-------- INFORMATION SHOWN

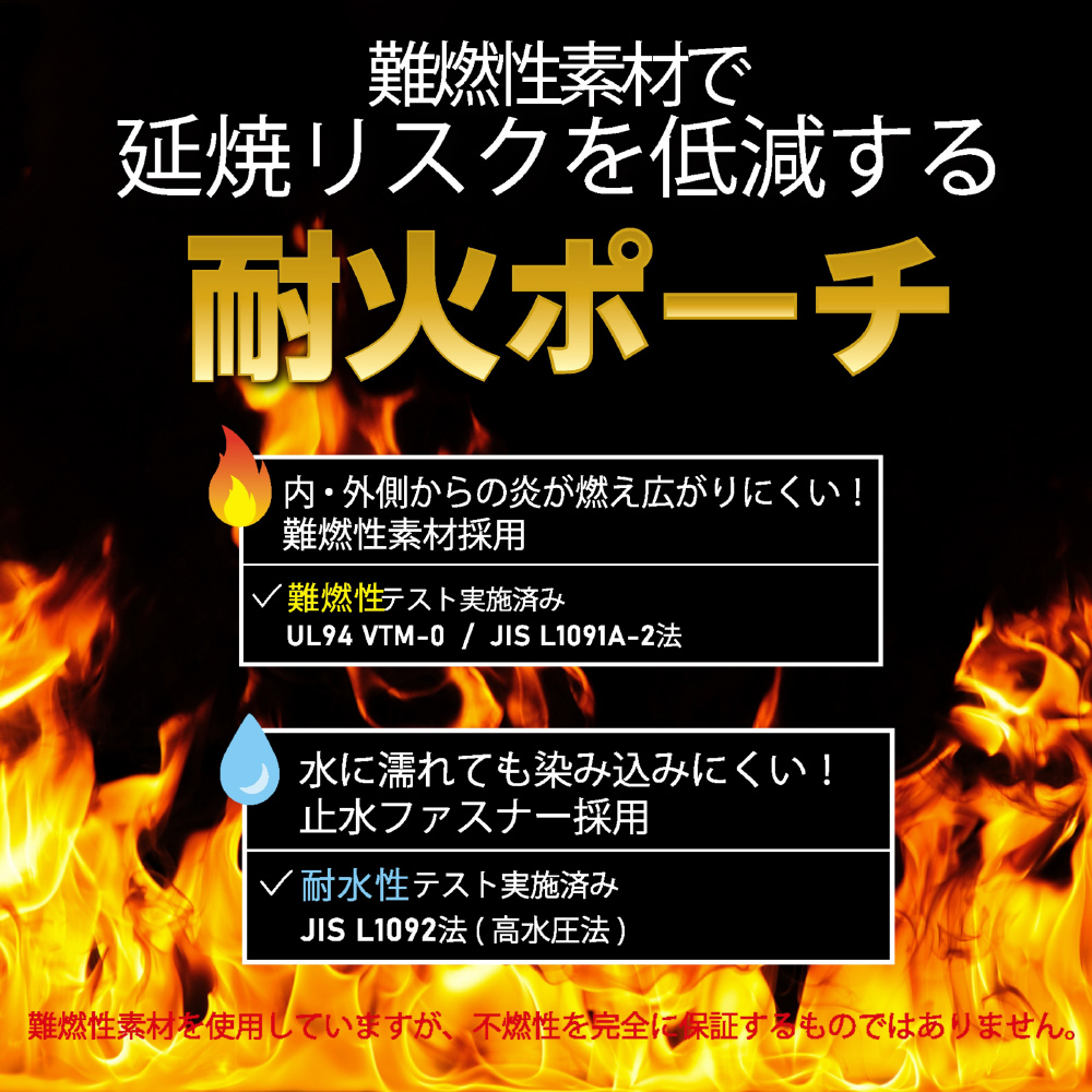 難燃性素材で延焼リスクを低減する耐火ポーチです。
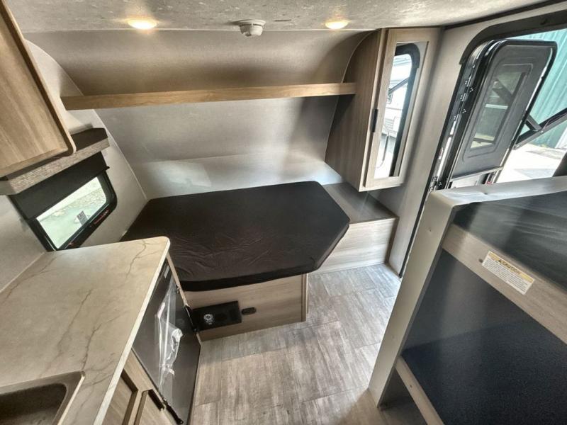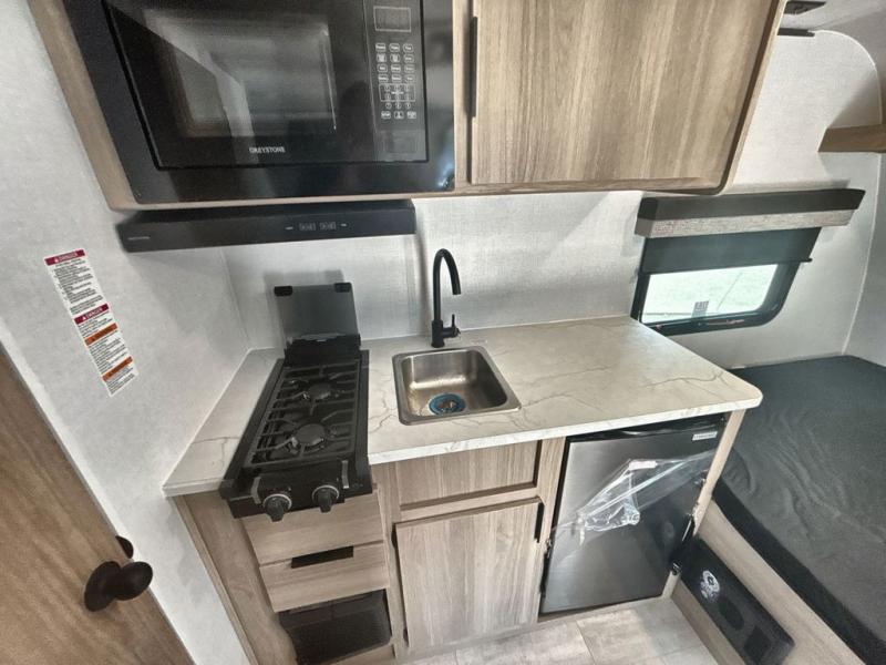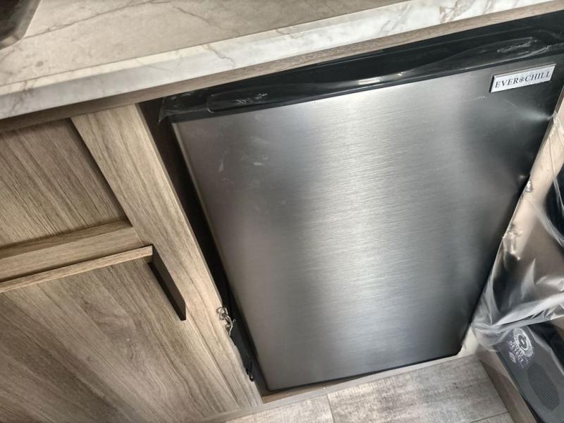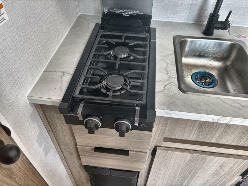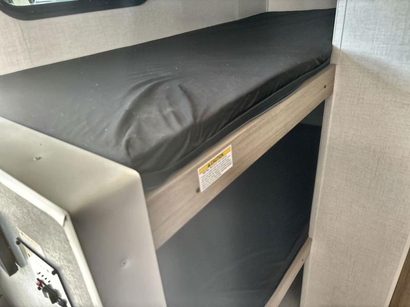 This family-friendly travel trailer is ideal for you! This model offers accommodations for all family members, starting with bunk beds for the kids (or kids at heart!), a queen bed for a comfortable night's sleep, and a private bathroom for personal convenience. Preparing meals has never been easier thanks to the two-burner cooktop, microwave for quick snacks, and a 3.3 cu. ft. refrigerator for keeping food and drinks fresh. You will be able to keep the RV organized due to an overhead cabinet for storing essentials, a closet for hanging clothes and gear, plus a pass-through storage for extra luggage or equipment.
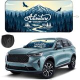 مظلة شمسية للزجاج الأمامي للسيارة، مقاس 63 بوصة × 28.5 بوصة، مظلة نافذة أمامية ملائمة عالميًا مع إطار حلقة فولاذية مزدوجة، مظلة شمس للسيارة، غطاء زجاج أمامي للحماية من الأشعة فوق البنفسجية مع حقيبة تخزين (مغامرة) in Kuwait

----------------

■ WORK TASK
Please reproduce, exactly and only, the lines from the line containing "This family-friendly travel" through the last line of the material above, minus any pictures.

■ RESPONSE AREA
 This family-friendly travel trailer is ideal for you! This model offers accommodations for all family members, starting with bunk beds for the kids (or kids at heart!), a queen bed for a comfortable night's sleep, and a private bathroom for personal convenience. Preparing meals has never been easier thanks to the two-burner cooktop, microwave for quick snacks, and a 3.3 cu. ft. refrigerator for keeping food and drinks fresh. You will be able to keep the RV organized due to an overhead cabinet for storing essentials, a closet for hanging clothes and gear, plus a pass-through storage for extra luggage or equipment.
 مظلة شمسية للزجاج الأمامي للسيارة، مقاس 63 بوصة × 28.5 بوصة، مظلة نافذة أمامية ملائمة عالميًا مع إطار حلقة فولاذية مزدوجة، مظلة شمس للسيارة، غطاء زجاج أمامي للحماية من الأشعة فوق البنفسجية مع حقيبة تخزين (مغامرة) in Kuwait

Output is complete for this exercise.